Parents from Crestdale Middle School are petitioning the Charlotte-Mecklenburg school board to revisit the 2012-13 bell schedule announced last month. Interim Superintendent Hugh Hattabaugh signed off on changing the start and dismissal times for 10 schools; Crestdale's moved 30 minutes later, to a 9-4 school day. The move is designed to save more than $600,000 on busing costs.
Parents are upset that CMS made changes that affect their family life and students' after-school opportunities without giving them a chance to weigh in. Those who have older kids in high school, with a 7:15 a.m. start time, say the change is especially stressful.
Katy Ridnouer, one of the parents urging CMS to reconsider, says she's heard nothing specific from board members. I emailed board members on Wednesday, asking them to let me know if they plan to propose revising the bell schedule. I've gotten no replies.

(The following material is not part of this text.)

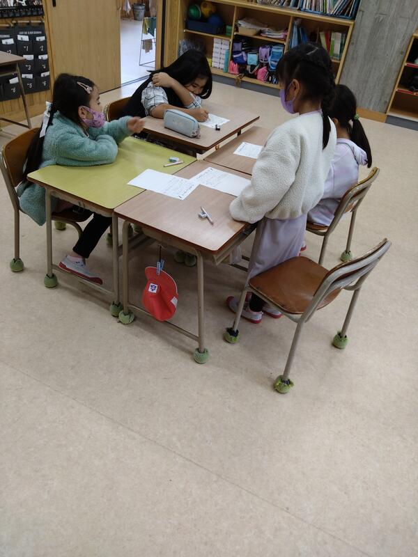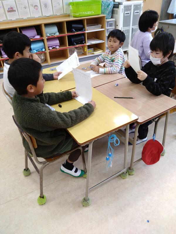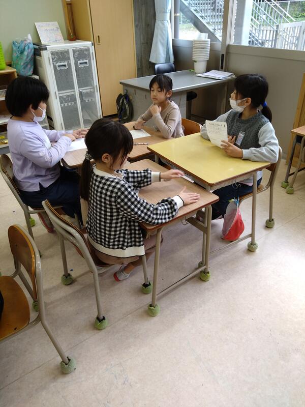 明日は、海の駅「ほそしま」に町探検♪インタビューをグループで練習しました。目を見て話を聞くことや、ハキハキ言うことを目標に練習しました。

It's possible that someone could ask Hattabaugh to try again. The board is likely to discuss transportation costs as part of ongoing budget talks. But this is a classic example of a dilemma that faces this school board and others: The temptation to micromanage.
At their recent retreat, CMS board members said they're committed to sticking to their role as policy-makers. Setting school hours is "below the line" for board intervention, but it's also the kind of decision that affects people's lives and inspires pleas for help.
Boards that try to do the superintendent's job are generally studies in bad leadership, writes Gene Maeroff, an education researcher and New Jersey school board member, in "School Boards in America: A Flawed Exercise in Democracy."
"Democracy does not mean that the people's representatives -- the school board -- take over and operate the schools any more than it means that the board members of a symphony play the violins," he writes.